Since the seventies, there have been three tiger years—1986, 1998, and 2010. This year, 2022, is the year of the tiger. The tiger’s roar is so powerful it paralyzes other animals, but it’s not what people can hear that paralyzes. It’s what we might feel but cannot hear—low frequency infrasounds passing through us.
I drive through Chinatown looking at people, buildings, signs. People are celebrating Chinese New Year, and Maunakea Street is busy. There’s a long line of people waiting outside Sing Cheong Yuan Bakery, probably to buy gau and New Year good-luck candied vegetables and fruits—lotus root, winter squash, kumquat, coconut. Everyone is wearing masks in this time of Covid.

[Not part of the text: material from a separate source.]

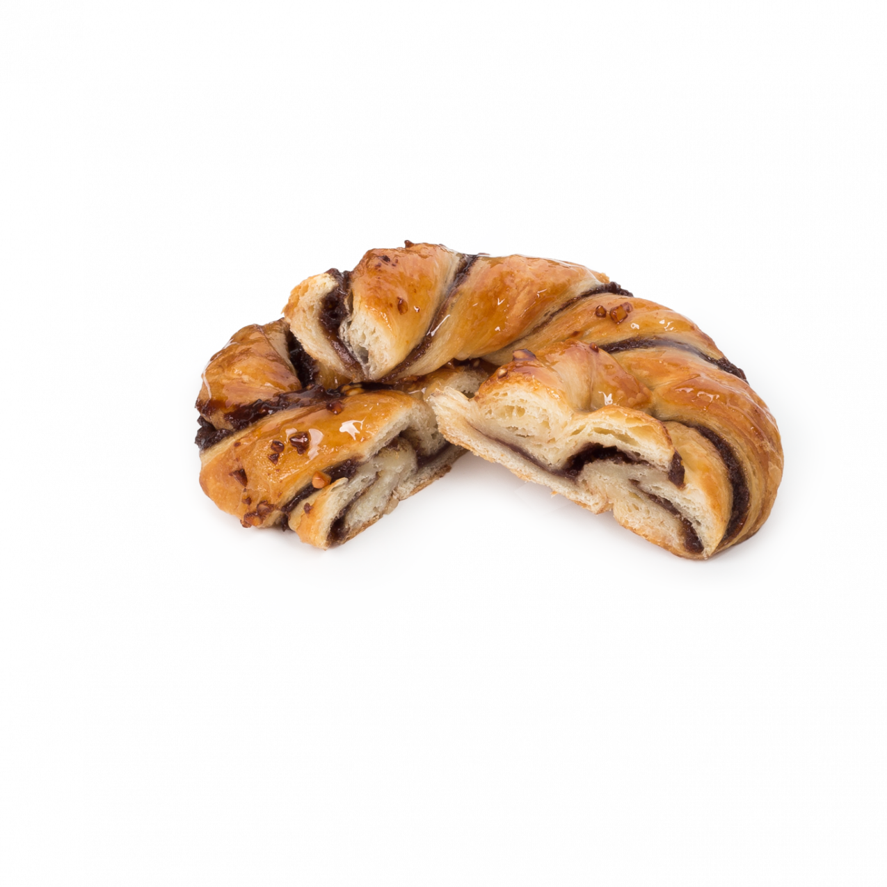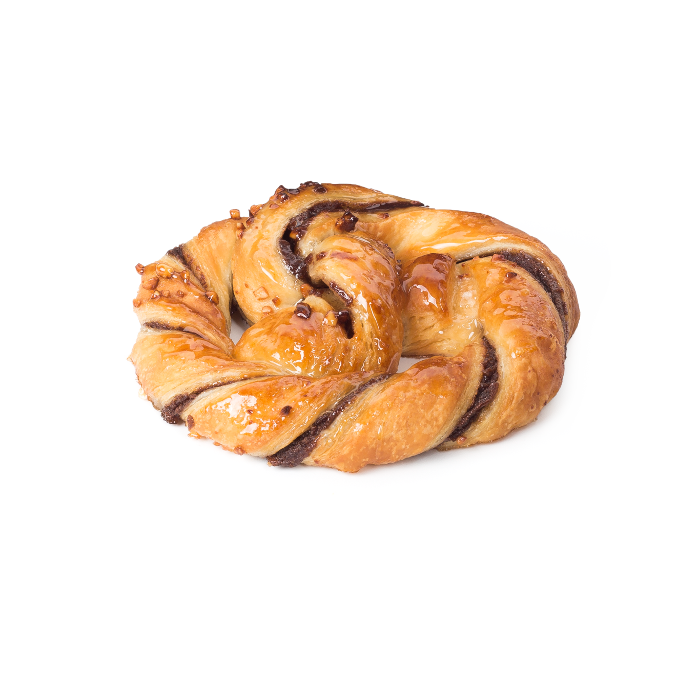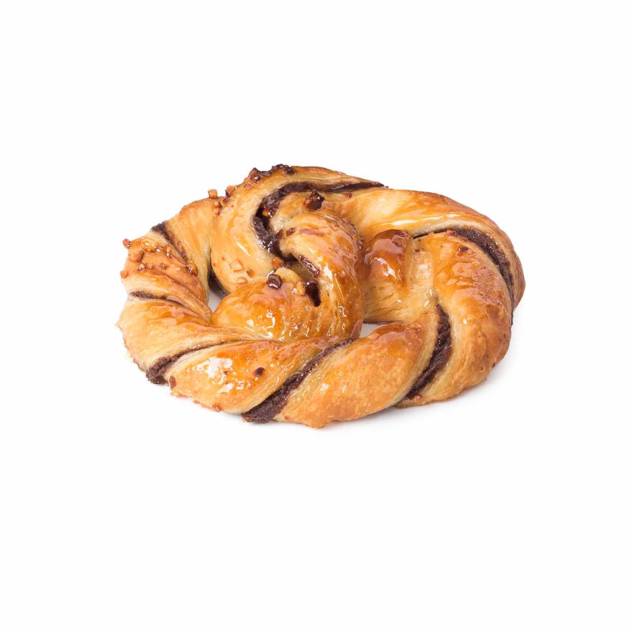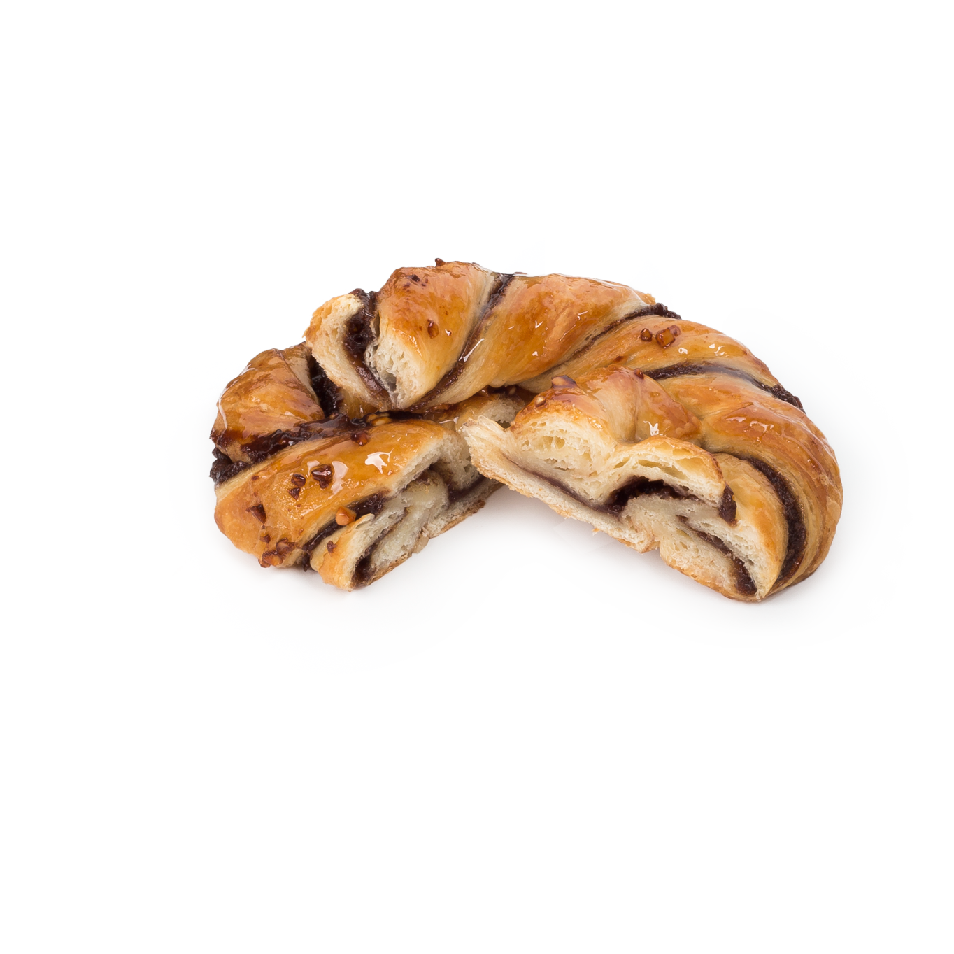 Delicioso producto de tierna y jugosa masa danesa. Con un generoso relleno de chocolate (28%). Aspecto muy atractivo gracias a su original formado. Decorado con azúcar y cacahuete.

A young rooster appeared in my front yard last week. He had glossy black feathers. He was sleek and slim like teenagers can be, curious and unafraid. Quick. When he crossed the street, he had the good sense to run like crazy before any car could hit him.
A new cat has appeared in the neighborhood. It is the color of smoke and never crosses to my side of the street. I don’t know where it goes.
My friend’s daughter’s dog has idiopathic old dog disease.
The cattleya orchid plant has one flower, six leaves, and two more pseudobulbs.
About the Art: “Tin Tin, Orchid Ballroom” is one of artist Doug Young’s twenty-plus images of buildings in Honolulu’s Chinatown. Young made the series in the 1970s. He writes, “There was a movement to revamp Chinatown and evict the residents. The ethnic studies department from the University of Hawaiʻi was doing protest marches, and I thought of documenting/preserving these old store fronts.”